Album review: Greta Van Fleet – The Battle At Garden’s Gate
Michigan rock heroes Greta Van Fleet soar to epic new heights on sweeping second album, The Battle At Garden’s Gate
Greta Van Fleet’s first three releases struck like bolts from the classic rock blue. Arriving across 18 months between April 2017 and October 2018, the Black Smoke Rising and From the Fires EPs, both paving the way for their sublime debut album Anthem Of The Peaceful Army, saw the quartet emerge from out of nowhere (well, Frankenmuth, Michigan) boasting a brand of timelessly bluesy guitar music that snatched mainstream interest with an immediacy that hadn’t been seen since the genre’s hazy heyday. There were naysayers aplenty, of course, lobbing accusations of algorithm-driven inauthenticity, boomer-music fetishism and downright plagiarism, but the tide of stadium-ready swagger and old-school soul could not be quelled.
Two-and-a-half years – and a full-blown global pandemic – further down the highway it’s easy to wonder whether GVF’s youthful easygoing and lightning-in-a-bottle electricity might’ve been dissipated by the music industry grind. Second album The Battle At Garden’s gate, however, finds them with eyes only for rock’s good shit, doubling-down on everything that thrust them to prominence in the first place.
From the glowing organ, rattling drum-fill and jangling riff that kick into sprawling opener Heat Above, they're in comfortable territory, pushing at an easy pace towards the wide horizon. As Josh Kiszka pipes up with that immense vocal (‘Can you feel my looove?’), though, indebted more to Rush's Geddy Lee than Zepp's Robert Plant this time out, there is a pulsating dynamism and a willingness to reach for even bigger sounds than before. The thrusting guitars of My Way, Soon counteract a retro aesthetic with the youthful urgency of musicians still in their early twenties. Mega-epic Broken Bells, meanwhile, steers into the old Led Zeppelin comparisons, deploying swelling strings, mythic imagery and an outrageous guitar solo across six minutes that dare invoke Stairway To Heaven.
The few extra years and thousands of miles on GVF’s clock manifest more in an increased philosophical depth as songs like the towering Built By Nations, proggy masterclass Age Of Machine and heart-tugging power ballad Light My Love ponder subjects as disparate as globalisation, technological dependency and the very meaning of life. The band’s move south to renowned music city Nashville, too, has seen them begin to weave in the roadworn southern textures of desert rock, country and Americana on tracks like Tears Of Rain and Stardust Chords, all while executing a 'Big Band' sound with more confidence than before.

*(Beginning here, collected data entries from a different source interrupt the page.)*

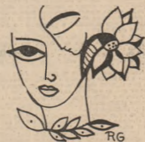
Desene de Raluca Grigorcea
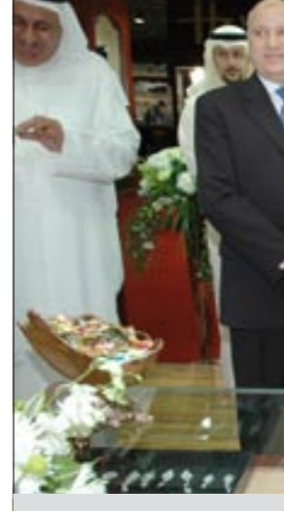
.. ويستمع لشرح عن معروضات إحدى الشركات
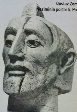
Qustav Zemla. Nəsiminin portreti. Polşa

yetirib. Birinci portreti (1970) tamamlayan heykəltəraş sonradan tapdığı bədii-estetik xüsusiyyətləri şairin fiqurunda (1971) verə bilməmişdir. Fuad Bakıxanov Nəsimi ünvanlı əsərlərində gəniş bədii ümumiləşdirmələrdən istifadə ilə hürufi şairin orijinal obrazını yaratdı. Bu özünəməxsusluğu şərtləndirən başlıca bədii xüsusiyyət, əqidə dönməzliyi ilə əbədiyyət qazanan hürufi şairin ənənəviləşdirilən zahiri görkəmi üçün orijinal forma-biçim həlli tapa bilməsidir.
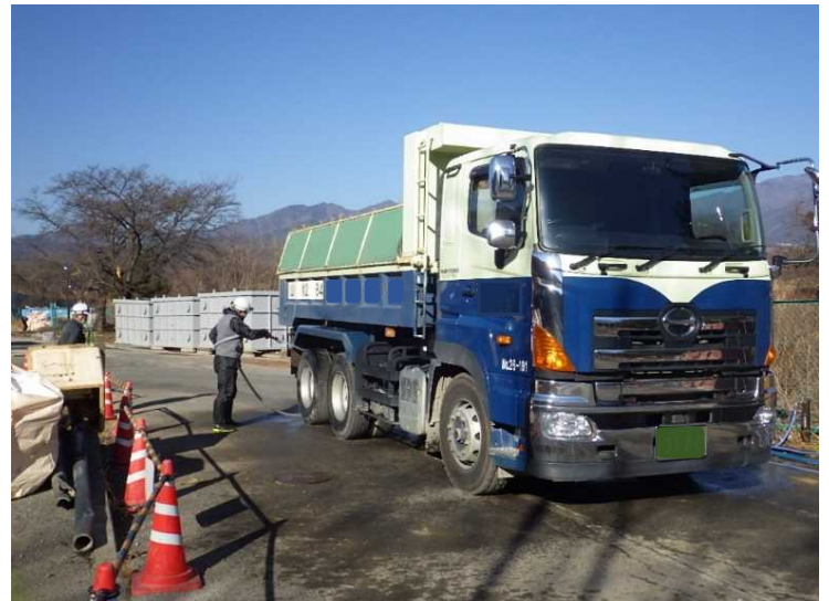
④ 搬出車両タイヤ洗浄
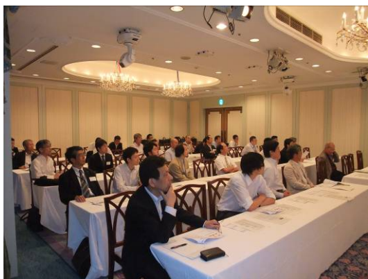
■講演会聴講の様様
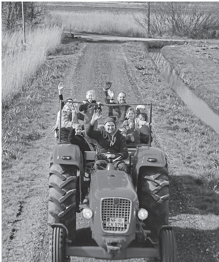
Der Spaß war den Teilnehmern beim Arbeitseinsatz und Frühjahrsputz anzusehen: mit dem Trecker ging es zu den Sammelstellen.

Nach getaner Arbeit gab es eine Stärkung in Form von Stov-Kartoffeln mit Frikadel-
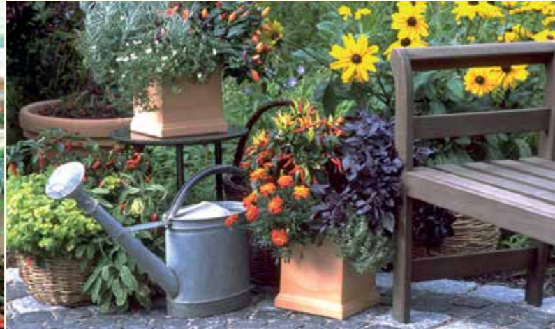
Abbildung 20: Kräuter in Kombination mit Blumen sind eine Augenweide. Hiervon werden auch die Honigbiene und einige weit verbreitete Wildbienenarten angezogen.
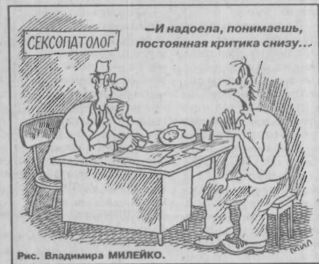
Рис. Владимира МИЛЕЙКО.
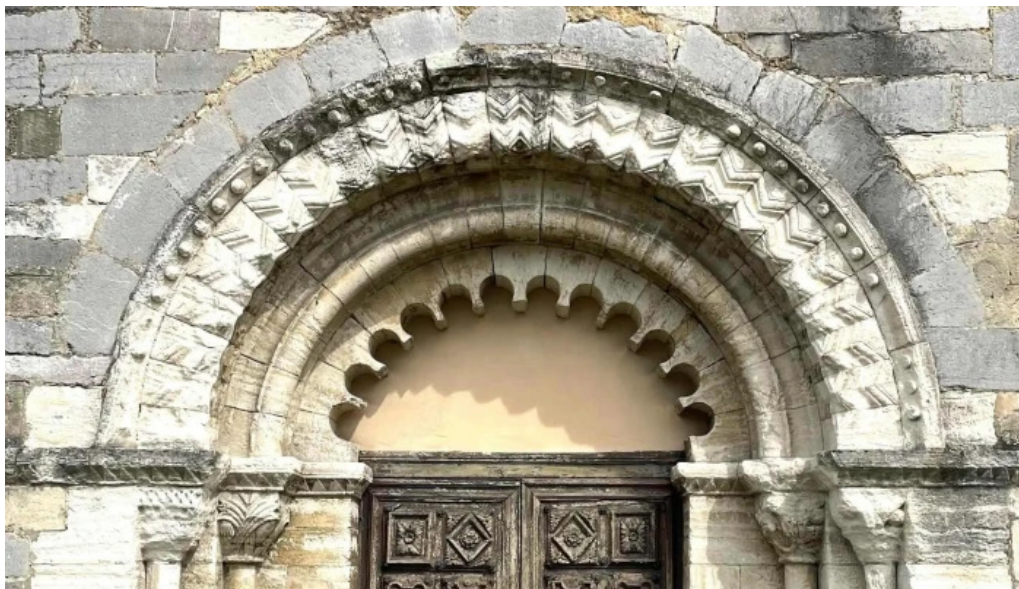
Iglesia de san martin instagram
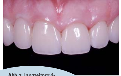
Abb. 1: Langzeitprovisorische Versorgung der Oberkiefer-Frontzähne zur Evaluierung ästhetischer und funktioneller Aspekte. Deutlich fällt der ungleichmäßige Verlauf der marginalen Gingiva im Bereich des Zahnes 21 ins Auge.
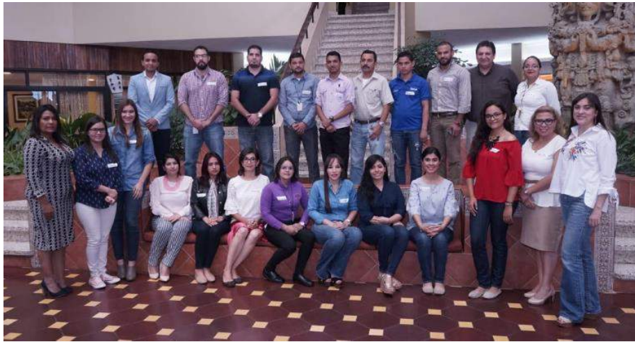
Grupo de participantes en San Pedro Sula

Ultimately, from its Tolkienesque title and artwork to outlandish tracks like Caravel (named after a type of Portuguese Conquistador’s ship) and The Barbarians, The Battle At Garden’s Gate demands the sort of uncynical approach from before the internet opened Pandora’s Box. Of course Greta Van Fleet aren’t offering anything innovative or original, and much of their appeal surely comes from listeners’ appetite for simpler times of players plugging in and rocking out which will never truly be rekindled. Hand yourself over to a psychedelic song of praise like Trip The Light Fantastic, though, or fall into The Weight Of Dreams’ fathomless nine minutes, and this legitimately might be the next best thing.
Rating: 4/5
For Fans Of: Rush, Led Zeppelin, Rival Sons
The Battle At Garden's Gate is released on April 16 via Lava / Republic. Pre-order / pre-save your copy now.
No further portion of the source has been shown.